- _INSTRUCTIONS TO FOLLOW_
In the records below, begin at the line containing "Un maglione verde" and end at the line containing "Yves Rocher Pure"; quote every line in that span exactly, including both boundary lines, and no others.

- _PROVIDED RECORDS_
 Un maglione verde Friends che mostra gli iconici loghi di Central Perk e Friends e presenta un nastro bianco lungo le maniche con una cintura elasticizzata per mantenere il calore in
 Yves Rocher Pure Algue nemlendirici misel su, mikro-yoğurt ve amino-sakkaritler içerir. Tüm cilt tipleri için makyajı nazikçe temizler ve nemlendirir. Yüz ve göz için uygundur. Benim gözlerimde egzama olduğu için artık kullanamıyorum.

---

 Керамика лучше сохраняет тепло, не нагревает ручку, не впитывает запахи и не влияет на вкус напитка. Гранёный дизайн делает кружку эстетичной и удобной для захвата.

...

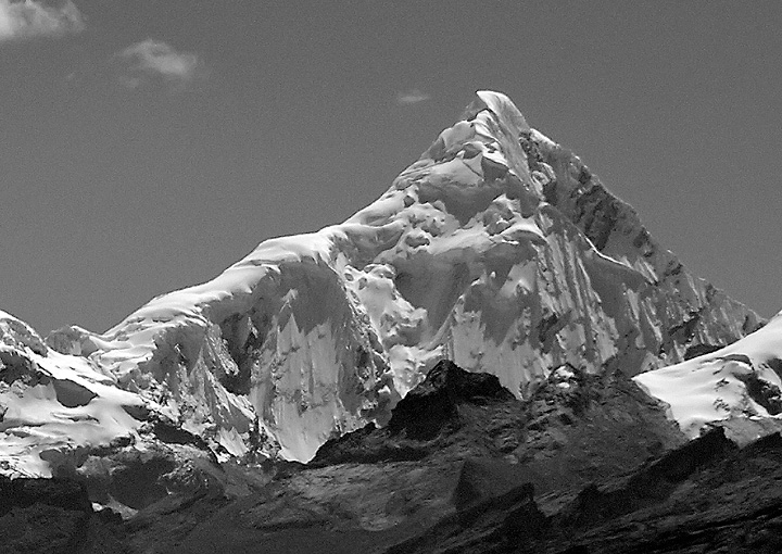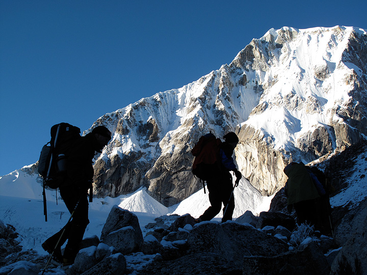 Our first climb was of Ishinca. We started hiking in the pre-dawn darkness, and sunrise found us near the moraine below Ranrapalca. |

- _RESULT_
 Un maglione verde Friends che mostra gli iconici loghi di Central Perk e Friends e presenta un nastro bianco lungo le maniche con una cintura elasticizzata per mantenere il calore in
 Yves Rocher Pure Algue nemlendirici misel su, mikro-yoğurt ve amino-sakkaritler içerir. Tüm cilt tipleri için makyajı nazikçe temizler ve nemlendirir. Yüz ve göz için uygundur. Benim gözlerimde egzama olduğu için artık kullanamıyorum.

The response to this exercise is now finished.